Run Gluten Clickhouse CI on x86

github-actions[bot] commented 2 weeks ago

Run Gluten Clickhouse CI on x86

github-actions[bot] commented 2 weeks ago

Run Gluten Clickhouse CI on x86

taiyang-li commented 2 weeks ago

@PHILO-HE I found vanilla spark nested column pruning doesn't work for Project(Filter(Generate)) (refer to https://github.com/apache/incubator-gluten/pull/7869#issuecomment-2464408071). So I added a rule in CH to improve it. I'm curious if Velox needs it?

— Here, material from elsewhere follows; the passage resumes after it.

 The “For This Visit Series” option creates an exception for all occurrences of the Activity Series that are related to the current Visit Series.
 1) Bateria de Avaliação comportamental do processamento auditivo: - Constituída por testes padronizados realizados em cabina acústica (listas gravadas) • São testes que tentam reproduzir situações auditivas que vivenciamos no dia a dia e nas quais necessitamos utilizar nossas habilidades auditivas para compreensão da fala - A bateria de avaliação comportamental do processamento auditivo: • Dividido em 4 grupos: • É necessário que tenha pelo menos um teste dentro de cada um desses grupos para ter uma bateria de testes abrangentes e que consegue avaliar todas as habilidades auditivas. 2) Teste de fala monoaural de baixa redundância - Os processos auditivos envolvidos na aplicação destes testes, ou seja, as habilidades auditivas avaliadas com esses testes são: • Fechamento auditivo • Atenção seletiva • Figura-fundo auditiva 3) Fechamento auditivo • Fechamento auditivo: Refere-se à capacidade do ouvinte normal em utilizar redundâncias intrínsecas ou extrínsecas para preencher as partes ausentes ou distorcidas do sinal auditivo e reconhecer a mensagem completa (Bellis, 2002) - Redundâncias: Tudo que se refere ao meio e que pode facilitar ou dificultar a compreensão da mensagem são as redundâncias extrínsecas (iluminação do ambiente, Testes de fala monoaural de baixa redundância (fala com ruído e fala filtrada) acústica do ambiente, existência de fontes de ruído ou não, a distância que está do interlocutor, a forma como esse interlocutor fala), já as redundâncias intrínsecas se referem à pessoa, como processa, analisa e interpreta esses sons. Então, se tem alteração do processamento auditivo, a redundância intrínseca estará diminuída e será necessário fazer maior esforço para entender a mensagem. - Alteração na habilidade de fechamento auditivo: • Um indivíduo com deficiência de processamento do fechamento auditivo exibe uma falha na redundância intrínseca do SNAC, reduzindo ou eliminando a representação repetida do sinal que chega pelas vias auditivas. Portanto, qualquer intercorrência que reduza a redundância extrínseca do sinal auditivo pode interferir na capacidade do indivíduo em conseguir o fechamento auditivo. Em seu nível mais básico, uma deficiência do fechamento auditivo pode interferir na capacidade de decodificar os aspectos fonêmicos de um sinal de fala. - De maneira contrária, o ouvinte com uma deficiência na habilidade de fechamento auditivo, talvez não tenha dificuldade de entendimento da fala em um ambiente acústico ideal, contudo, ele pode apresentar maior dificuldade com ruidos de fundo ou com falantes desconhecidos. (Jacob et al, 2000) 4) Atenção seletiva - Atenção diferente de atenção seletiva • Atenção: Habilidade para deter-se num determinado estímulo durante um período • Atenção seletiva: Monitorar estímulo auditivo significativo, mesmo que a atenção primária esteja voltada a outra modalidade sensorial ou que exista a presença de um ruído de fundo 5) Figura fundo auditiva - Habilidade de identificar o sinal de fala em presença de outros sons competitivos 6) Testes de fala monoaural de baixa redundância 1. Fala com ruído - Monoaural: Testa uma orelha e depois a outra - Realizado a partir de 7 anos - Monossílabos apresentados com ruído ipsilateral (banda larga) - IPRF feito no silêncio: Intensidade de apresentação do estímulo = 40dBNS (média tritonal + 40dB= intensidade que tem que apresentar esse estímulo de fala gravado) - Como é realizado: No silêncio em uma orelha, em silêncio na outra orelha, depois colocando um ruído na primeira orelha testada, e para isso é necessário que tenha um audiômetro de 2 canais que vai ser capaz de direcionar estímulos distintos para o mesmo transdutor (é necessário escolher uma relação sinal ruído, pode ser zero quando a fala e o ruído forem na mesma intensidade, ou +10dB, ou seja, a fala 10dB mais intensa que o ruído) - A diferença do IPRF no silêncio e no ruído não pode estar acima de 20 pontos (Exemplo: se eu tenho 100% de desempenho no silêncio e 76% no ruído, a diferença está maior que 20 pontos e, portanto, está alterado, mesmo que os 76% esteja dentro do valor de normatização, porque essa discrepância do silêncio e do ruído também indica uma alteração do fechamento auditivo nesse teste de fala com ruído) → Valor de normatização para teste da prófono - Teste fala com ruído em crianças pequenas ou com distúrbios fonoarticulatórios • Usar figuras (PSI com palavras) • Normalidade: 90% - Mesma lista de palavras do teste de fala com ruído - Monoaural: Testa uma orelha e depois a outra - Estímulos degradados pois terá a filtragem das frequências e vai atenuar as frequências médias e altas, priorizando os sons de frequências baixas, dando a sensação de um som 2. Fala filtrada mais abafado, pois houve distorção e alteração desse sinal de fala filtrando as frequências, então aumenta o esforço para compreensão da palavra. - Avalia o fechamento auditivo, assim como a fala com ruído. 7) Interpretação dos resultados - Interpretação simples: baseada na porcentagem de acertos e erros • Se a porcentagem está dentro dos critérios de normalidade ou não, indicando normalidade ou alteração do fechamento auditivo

github-actions[bot] commented 2 weeks ago

Run Gluten Clickhouse CI on x86

github-actions[bot] commented 2 weeks ago

Run Gluten Clickhouse CI on x86

github-actions[bot] commented 2 weeks ago

Run Gluten Clickhouse CI on x86

PHILO-HE commented 2 weeks ago

@taiyang-li, thanks so much for letting me know your this work! I think it should be applicable to Velox backend. Maybe, you can firstly get this pr merged, then try to move the proposed code to common module in another pr to see whether there is any issue reported for velox backend.

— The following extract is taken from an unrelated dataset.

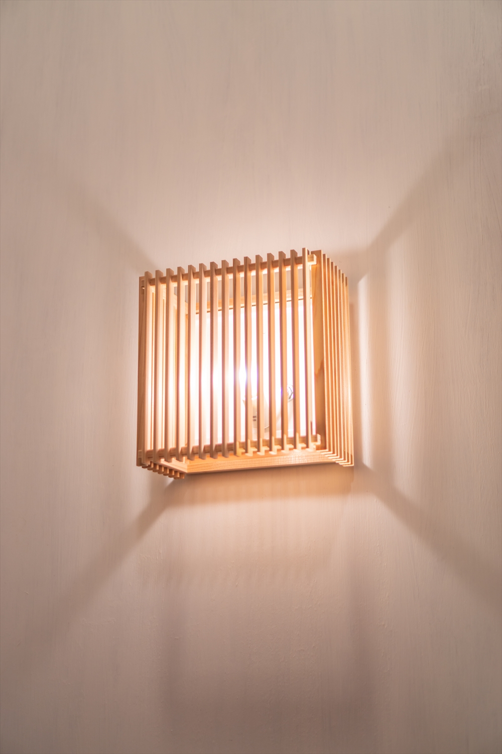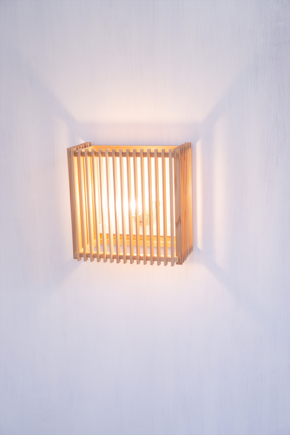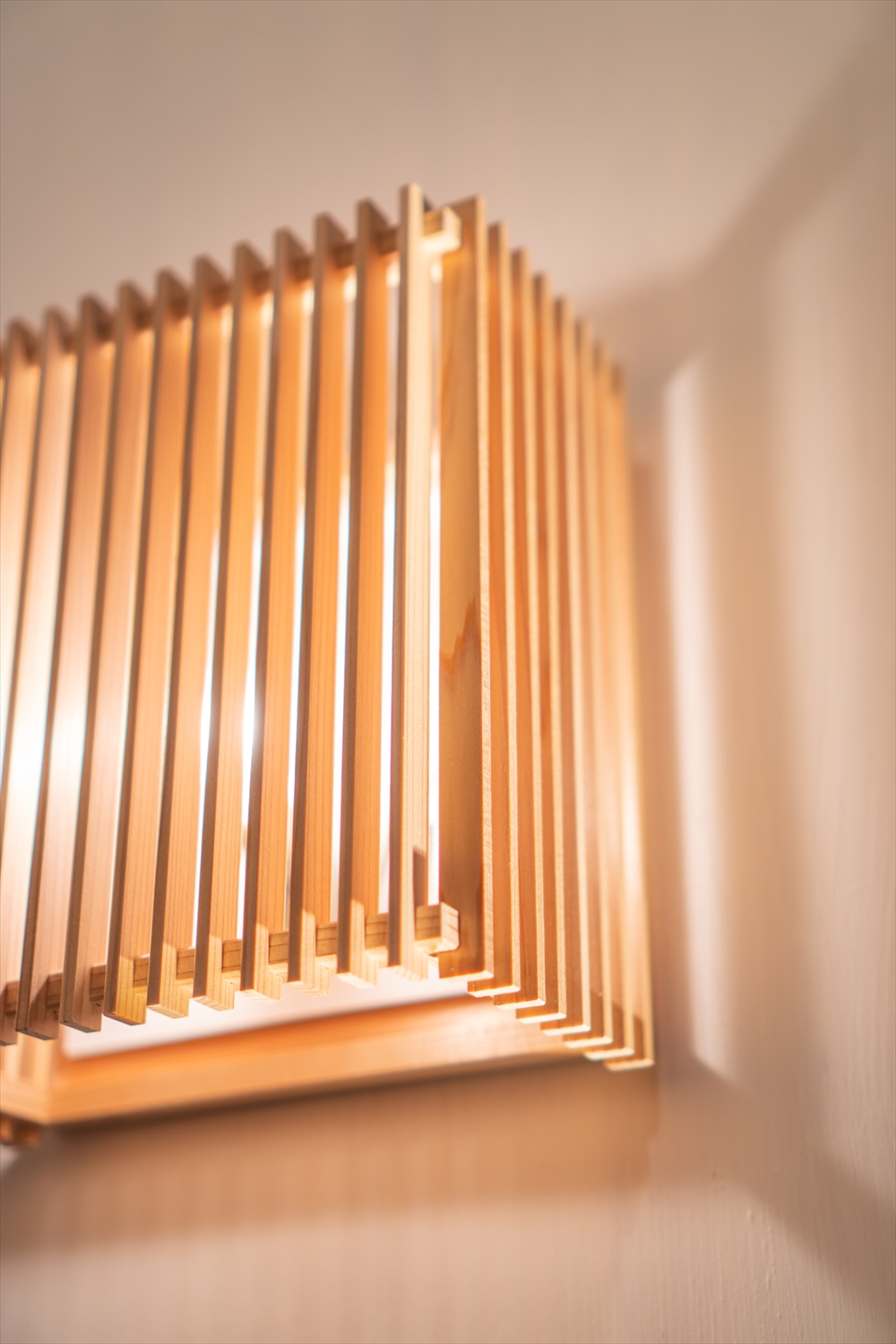 簾(ren) ホーム商品照明ペンダント照明簾(ren) 簾(ren) ワーロンを張らずに仕上げたブラケット。 縦格子の隙間から光が明るく広がります。 備考:シェードは自然の材を使って手作りされたものです。 その為、色・木目が写真と異なる場合がございます。 品番 AB619 素材 国産杉/民芸塗仕上/鉄博塗装(裏板) サイズ 巾215mm 高215mm 奥行125㎜ 仕様 E17 40W 白熱電球付 直付(要配線工事) 簾(ren) ¥22,000(税込) 数量

BTW, I note you introduced one dedicated config for the proposed optimization rule. Maybe, it's better to have a generic config in Gluten to allow excluding any optimization rule, like Spark's spark.sql.optimizer.excludedRules. If it makes sense to you, it's ok to do this small improvement in a separate pr. Thanks!

taiyang-li commented 2 weeks ago

@PHILO-HE I'm really glad that Velox could also use it! I'll open another pr after this one is merged.